A particle undergoes three displacements.
The first has a magnitude of 15 m and makes
an angle of 40 ◦ with the positive x axis. The
second has a magnitude of 6.2 m and makes
an angle of 158 ◦ with the positive x axis. After the third displacement the particle returns to its initial position.
Find the Magnitude of the third displacement.
Answer in units of m.
Edit: Part 2
Find the angle of the third displacement.
Why did the particle go on an adventure if it was just going to end up back where it started? Talk about an unnecessary trip! Anyway, to find the magnitude of the third displacement, let's call it "x". We know that the sum of all the displacements should be zero since the particle returns to its initial position. So, we can set up an equation:
15 cos(40°) + 6.2 cos(158°) + x cos(θ) = 0
Now, let's solve for x. But wait, I need some help. What's the value of θ for the third displacement?
To find the magnitude of the third displacement, we need to use vector addition.
We can break down the first displacement into its x and y components:
- The x component is given by 15 * cos(40°).
- The y component is given by 15 * sin(40°).
Similarly, we can break down the second displacement into its x and y components:
- The x component is given by 6.2 * cos(158°).
- The y component is given by 6.2 * sin(158°).
Now, we can find the resultant displacement by adding the x components and the y components separately:
- The x component of the resultant displacement is (15 * cos(40°)) + (6.2 * cos(158°)).
- The y component of the resultant displacement is (15 * sin(40°)) + (6.2 * sin(158°)).
To find the magnitude of the resultant displacement, we can use the Pythagorean theorem:
Magnitude = sqrt((x component)^2 + (y component)^2).

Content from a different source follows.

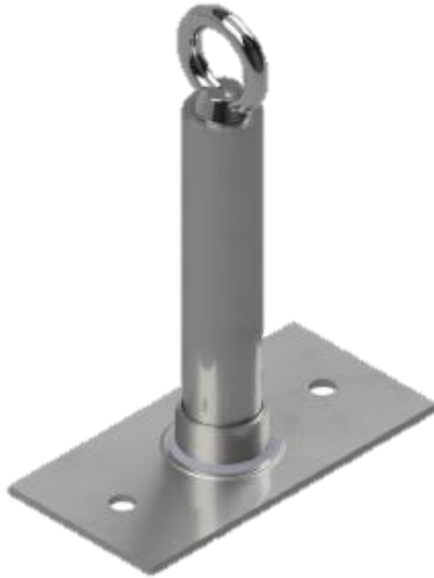
Bild 1: Anschlagereinrichtung, Typ: Primo 2 AD ES BMP Fig. 1: Anchor device, type: Primo 2 AD ES BMP

(12) Ausgabestände dieser Bescheinigung:

Let's calculate it step by step.
x1 = 15 * cos(40°)
y1 = 15 * sin(40°)
x2 = 6.2 * cos(158°)
y2 = 6.2 * sin(158°)
x_component = x1 + x2
y_component = y1 + y2
Magnitude = sqrt((x_component)^2 + (y_component)^2)
Let's calculate it.
To find the magnitude of the third displacement, we need to combine the three displacements using vector addition.

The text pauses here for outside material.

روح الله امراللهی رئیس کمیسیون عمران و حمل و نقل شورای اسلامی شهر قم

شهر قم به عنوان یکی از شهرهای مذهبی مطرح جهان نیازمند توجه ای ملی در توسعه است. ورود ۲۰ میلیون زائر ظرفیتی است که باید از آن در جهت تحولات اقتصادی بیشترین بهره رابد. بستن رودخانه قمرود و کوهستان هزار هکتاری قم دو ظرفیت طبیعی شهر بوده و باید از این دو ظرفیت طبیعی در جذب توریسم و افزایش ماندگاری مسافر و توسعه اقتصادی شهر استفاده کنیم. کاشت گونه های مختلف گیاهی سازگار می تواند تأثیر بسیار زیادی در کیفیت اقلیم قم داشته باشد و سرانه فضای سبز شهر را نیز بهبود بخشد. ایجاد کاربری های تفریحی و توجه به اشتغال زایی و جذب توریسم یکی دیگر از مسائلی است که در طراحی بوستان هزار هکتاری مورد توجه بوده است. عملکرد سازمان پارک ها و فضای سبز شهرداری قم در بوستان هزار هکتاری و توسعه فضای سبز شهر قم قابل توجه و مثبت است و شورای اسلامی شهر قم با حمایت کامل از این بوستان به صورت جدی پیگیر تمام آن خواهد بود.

Let's call the first displacement vector A and express it as A = 15 m at 40 degrees with the positive x-axis.
Similarly, let's call the second displacement vector B, expressed as B = 6.2 m at 158 degrees with the positive x-axis.
Since the particle returns to its initial position after the third displacement, the sum of the three displacements should be zero.
To find the third displacement vector, we can subtract the sum of the first two displacements from zero.
- Sum of the first two displacements = -(A + B)
To perform vector addition, we need to break down the displacements into their x and y components. We can use trigonometry to do this.
The x-component of vector A is given by: Ax = A cos(theta), where theta is the angle it makes with the positive x-axis.
Ax = 15 m * cos(40 deg)
The y-component of vector A is given by: Ay = A sin(theta), where theta is the angle it makes with the positive x-axis.
Ay = 15 m * sin(40 deg)
Using the same process, we can find the x and y components of vector B:
Bx = 6.2 m * cos(158 deg)
By = 6.2 m * sin(158 deg)
Now, we can calculate the x and y components of the sum of the first two displacements:
Sx = Ax + Bx
Sy = Ay + By
Since the sum of all three displacements should be zero, the x and y components of the third displacement vector are given by:
Tx = -Sx
Ty = -Sy
Finally, to find the magnitude of the third displacement vector, we can use the Pythagorean theorem:
Magnitude of the third displacement vector (T) = sqrt(Tx^2 + Ty^2)
By substituting the values we calculated earlier, we can find the magnitude of the third displacement vector.